Мы ведём себя, говорим и действуем по-разному в разных ситуациях. В нашей личности есть варианты, мы меняемся, развиваемся, постепенно строим сами себя, поэтому разные факты жизни и деятельности индивида заслуживают дифференцированной оценки.
Тут еще следует помнить, в каком отношении мы находимся к людям прошлого. Оно ведь не то самое, что к окружающим нас. Живущий вместе с нами человек может сказать какую-нибудь глупость или мерзость, и из-за этого каждому из нас будет неприятно с ним общаться. С людьми прошлого не так: мы не обязаны с ними общаться, да и не можем это делать, потому что они давно умерли. Мы имеем дело уже не с ними самими, а с памятью о них, с тем, что вы правильно назвали их «наследием». Оно включает разные элементы, с которыми и обращаться следует соответственно. Вот, например, мы ходим по улицам современных городов — неважно, Москвы или Парижа — и помним, что облик этих улиц зависел от деятельности администраторов прошлого: королей, императоров, президентов, поставленных ими префектов или градоначальников, некоторые из которых были, мягко говоря, не самыми светлыми личностями. Нам остался в наследство этот город. Мы знаем об их деяниях, знаем о причинах, которыми был обусловлен нынешний облик этих улиц (скажем, прямые улицы Парижа — тактическое средство для подавления городских восстаний, «похорошевшая Москва» – результат массовой коррупции). Значит ли это, что мы не должны пользоваться этими улицами, что мы должны уйти из своих городов и строить какие-то новые на пустом месте? Нет, конечно. Мы критически принимаем некоторые факты материального наследия, проводя различие между ними и личностью того или иного деятеля, с которым они связаны. Так же и с культурой, включая литературную. Имея дело с автором, тем более давно умершим, нельзя отождествлять с ним его произведения, такова уж особенность «авторской функции» (термин принадлежит Мишелю Фуко, а об относительной независимости автора и его произведений не так давно написала книгу французская социологиня Жизель Сапиро).
Есть разные формы понимания, в зависимости от разных его объектов. Можно понимать слово или текст. Можно понимать поступок, у которого есть какой-то смысл, сопоставимый с текстом, но у него есть ещё и практическая направленность, которая с текстом уже прямо не соотносится. И можно понимать человека, который производит поступки и тексты, каким-то образом интегрирует их в своей личности. Это третий уровень понимания, которое возможно скорее в отношении наших современников, чем в отношении людей прошлого, включая писателей-классиков. Их мы тоже стараемся понимать, но таким пониманием трудно делиться с другими. Я могу интуитивно, эмоционально понимать своих родителей, или любимого писателя, или даже какого-нибудь исторического деятеля, который мне чем-то особенно интересен. Но можно ли убедительно передать это понимание другим людям? Скорее всего, они будут понимать поступки или высказывания этих лиц иначе, чем я, и мы не сможем проверить и согласовать наше понимание, то есть оно не будет научным. Поэтому в качестве учёных-гуманитариев нам приходится соблюдать аскезу и не брать на себя задачи, которые мы не в силах решить.

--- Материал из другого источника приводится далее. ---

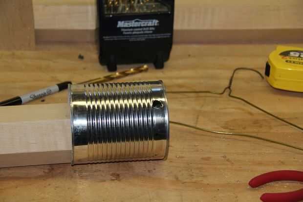 Taladre los orificios donde usted hizo su arranque en el paso anterior. Puedes ver en la foto que tenía madera dentro de la lata. Esto es porque el poder se dobla con el taladro por lo que hizo la perforación un poco más fácil, actuando como soporte. Usé el mismo orificio de tamaño de ambas latas pero puedes hacer uno más pequeño si quieres (no sé por qué le gustaría aunque). Sólo asegúrese de que los agujeros no demasiado pequeños o el aspecto de la ventilación no funcionará así.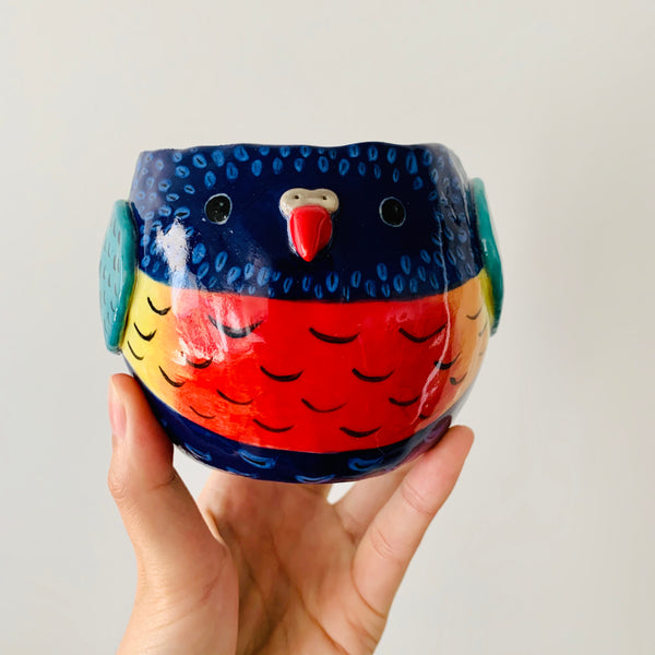 Handmade with lots and lots of love from stoneware clay (so it’s nice and strong) and fired twice with the highest quality underglaze paints and a high gloss clear glaze. This process from wet clay to finished product takes weeks and each piece is unique and there is no other out there like it!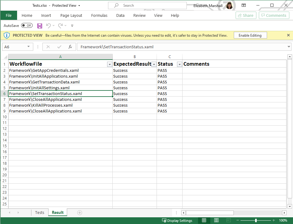 There’s a piece of development work alongside the testing element (in fact, the tests were the easiest bit by far). An Excel spreadsheet included as part of the REFramework standardised template allowed each part of the framework to be tested in isolation. This takes seconds.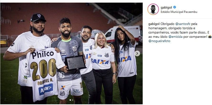 INSTAGRAM GABIGOL SANTOS CASTAN – Raggiungere il traguardo delle 200 presenze con la stessa maglia non è semplice quando hai solo 22 anni. Ma Gabigol ci è riuscito grazie al fatto che, nonostante le parentesi europee con le maglie di Inter e Benfica, ha iniziato a giocare con la prima squadra del Santos quando non era ancora maggiorenne. L’attaccante brasiliano ha raggiunto l’obiettivo nel match contro il Cruzeiro in cui è andato in gol senza però riuscire ad evitare la sconfitta. Prima della successiva gara interna con il Vasco da Gama, Gabriel Barbosa è stato premiato con una maglia e una targa dal club bianconero. L’ex interista ha poi postato la foto sul suo profilo Instagram con un messaggio: “Grazie Santos per il premio. Grazie ai tifosi e ai compagni, voi ne fate parte”.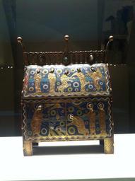 Keywords: Romanesque Treasure of MNAC- Arqueta resurrecci贸.jpg El recorregut de la secci贸 de rom脿nic culmina amb els objectes d 檕rfebreria que constitu茂en els tresors de les esgl茅sies medievals Aquests objectes tenien una funci贸 lit煤rgica per貌 a la vegada formaven el patrimoni material dels temples el seu sistema d 檃cumulaci贸 de riquesa Les vitrines mostren una selecci贸 de peces d 櫭╬oques diverses del fons d 檕rfebreria rom脿nica del Museu Dues es dediquen a l 檃nomenada obra de Llemotges la c猫lebre producci贸 d 檕bjectes de coure esmaltats amb centre en aquesta ciutat del nord d 橭ccit脿nia The Romanesque tour in MNAC culminates with objects of gold which are the treasures of medieval churches These objects have a liturgical function but once formed the material heritage of temples their system accumulation of wealth Showcases a selection of pieces from different periods of the fund of silver Roman Museum Two are dedicated to the work of so-called Limoges famous for producing objects with enameled copper center This northern city of Aquitaine Institution Museu Nacional d'Art de Catalunya 2012-10-25 11 43 14 own PD-Art Romanesque Treasure in the MNAC |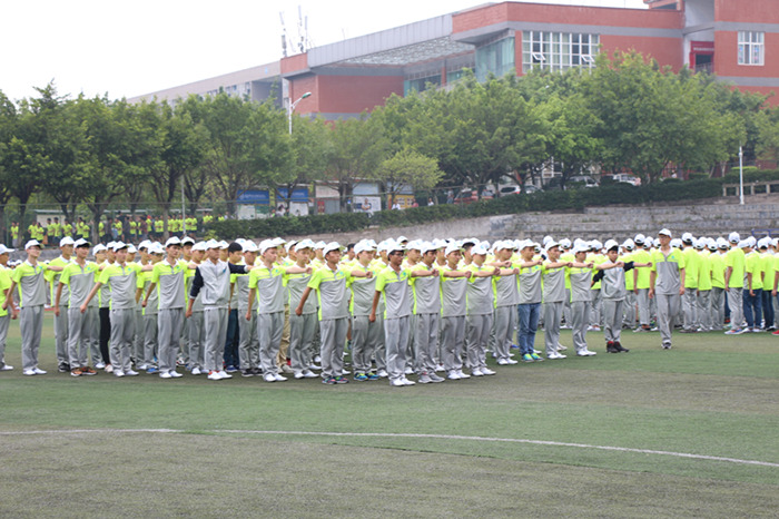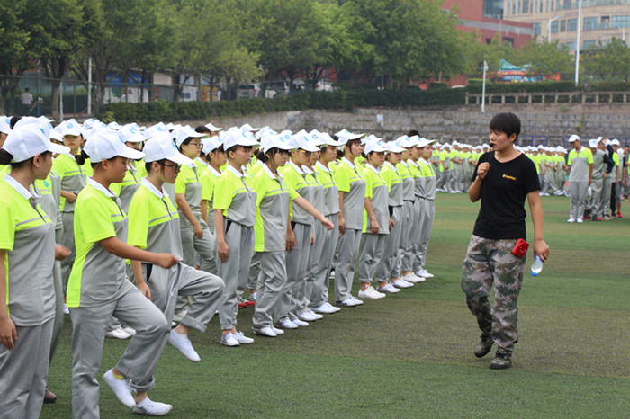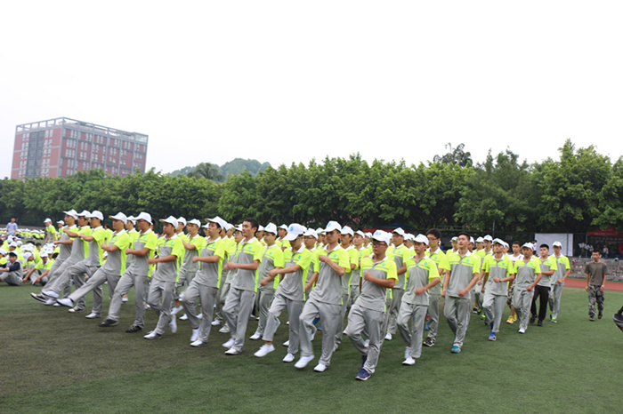 新生们穿着校服在操场接受着大学的第一次洗礼,从27日开始,新生们就告别暑假的懒散,进入军事化的管理,起早贪黑的在操场接受军训。教官的口号回响在操场“起立、稍息、蹲下”新生们做出对应动作,整齐划一,这就是移通一个整体。

Мы должны изучать, понимать, оценивать конкретные действия в прошлом (включая тексты как действия), но не целостных исторических субъектов, которые эти действия производили.
T-i: То есть, суд истории — это не наша роль, не наша функция?
СЗ: Мы, разумеется, этим занимаемся просто как граждане, как люди, которым приходится худо-бедно договариваться о собственном коллективном прошлом. Но это не научное занятие, это работа моральная, политическая. Я не уверен, что гуманитарные науки могут здесь снабдить нас убедительными, общеприемлемыми оценками. У них другая задача — описать процесс развития, проходящий через многих людей, через многие поступки, и определить в нём место каждого отдельного поступка. Вот это и будет нашим гуманитарным пониманием прошлого.
T-i: Есть ещё концепт устаревания, он ощутимо прошит в эту прогрессистскую модель, о которой мы говорим, в прогрессистское мировоззрение. Что нам делать с этим прогрессизмом? Что нам делать с концептом устаревания объяснительных моделей, культурных парадигм, который часто используется, когда речь идет, например, об образовании?
СЗ: Это связано с той общей мысленной установкой, которую я только что называл презентизмом. И мне кажется, что такое название точнее, потому что прогрессизм не обязательно забывает прошлое: он может очень даже опираться на прошлое, на «благородные идеалы предков, которые мы разовьём и воплотим в жизнь». А презентизм вообще не представляет себе «прошлое как чужую страну», по выражению британского историка Дэвида Лоуэнталя; для презентиста прошлое ничем не отличается от настоящего, лежит где-то неподалеку и может оцениваться по нашим сегодняшним понятиям. Если от этих слишком общих понятий обратиться к конкретным проблемам нашей с вами науки, то презентизм выражается в том, что людям сегодня становится неинтересен литературный канон. Школьный канон, который в нашей стране веками вырабатывался усилиями литераторов и филологов и утверждался министерствами образования, сегодня кажется всё более шатким и всё менее убедительным: почему я должен читать именно эти тексты, а не другие? А если я не хочу вообще ничего читать? обойдусь фильмами или роликами в интернете?
Я думаю, что здесь есть если не вина, то опять-таки недоработка нашей науки, которая за три свободных постсоветских десятилетия не очень заботилась о деконструкции канона, о выяснении того, как вообще он образуется и какие процессы им управляют. Об этом ещё говорили некоторые социологи культуры, такие, как Борис Дубин, но они не получили должного отклика в академической среде, особенно в среде филологической.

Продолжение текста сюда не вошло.